Balanced and dynamic interactions among mucus layers, intestinal epithelial cells, and microbiota, are essential for the maintenance of the intestinal mucosal homeostasis. The disruption of this balance leads to a defective mucus barrier with increased permeability that results in intestinal inflammation. The homeodomain transcription factor, Prep1, is expressed in the post-mitotic differentiated intestinal epithelial cells and is essential in embryonic development. Here we report for the first time the involvement of Prep1 in intestinal epithelial homeostasis, and its functional role in experimental colitis.
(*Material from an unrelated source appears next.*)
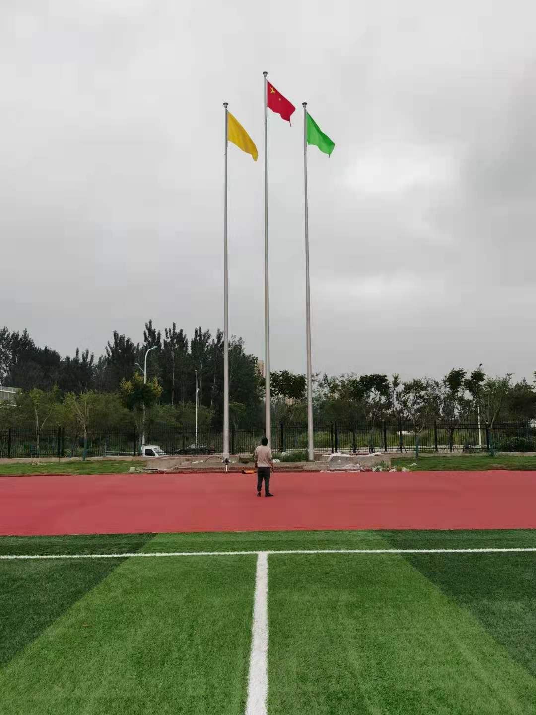 淮北市第一中學(東校區)19.58米和18米6支自動錐形旗桿,此次安徽耀龍旗桿為淮北市第一中學(東校區)19.58米和18米6支自動錐形旗桿為優質不銹鋼制造,旗桿錐形挺拔高大,是錐形外置式的旗桿,內藏不銹鋼繩,旗桿外無旗繩,免去旗桿與旗繩碰撞產生刮痕,從而可能導致桿體易生銹。
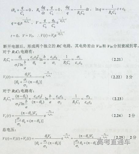评析:带损耗的半圆柱形电介质,需要考虑漏电流。实际阅卷情况五十余人满分,六十余位零分,区分度高、成绩差异大,模型并不复杂,想明白之后求解很简单。关键在于电流连续性、电导的计算(用电导计算比用电阻简单)以及等效电路图模型的建立(注意两个不同的特征时间)。

Mice lacking Prep1 in intestinal epithelium were generated by mating Prep1flox/flox mice with VillinCRE animals. Goblet cells staining was carried out by Alcian Blue and Periodic Acid-Schiff (PAS) staining, while mucins were quantified by real-time PCR and immunohistochemistry. The dextran sulfate sodium (DSS) model of colitis was used in VillinCRE/Prep1flox/flox and wild-type (wt) mice. Moreover, Prep1 expression was evaluated in the intestinal epithelium of surgical specimens from normal individuals and patients with IBD, by Western Blot. Cross-linked, sonicated chromatin from human intestinal epithelial cells, was then immunoprecipitated with an anti-Prep1 antibody and the precipitated DNA analyzed by real-time PCR with a set of primers within the MUC1, MUC2, and MUC13 promoters (ChiP).


Mice with conditional ablation of the Prep1 gene from the intestinal epithelium were viable. However, transgenic animals appeared smaller than wt, with a defective development of both the small and large intestine. VillinCRE/Prep1flox/flox mice showed an altered Goblet cell maturation and differentiation, resulting in MUC2 (soluble mucin) overproduction and MUC1/MUC13 (membrane-bound mucins) overexpression. Mutant mice were protected from DSS-induced colitis, as assessed by body weight loss, colitis activity Index, and histological scores. This correlated with reduced intestinal permeability (p < 0.001), and bacterial penetration (p < 0.05) within the inner mucus layer. Finally, Prep1 was find to be up-regulated in the intestinal epithelium of IBD patients, when compared to controls, and ChiP assay revealed that Prep1 modulate the transcription of the human MUC2, MUC1 and MUC13 genes, by directly binding to their promoters and acting as a repressor.


Our findings demonstrate an essential role for Prep1 in intestinal development, epithelial homeostasis and maintenance of the mucosal barrier. Its manipulation, could indeed represent a novel therapeutic approach for the treatment of IBD, possibly restoring the mucin barrier.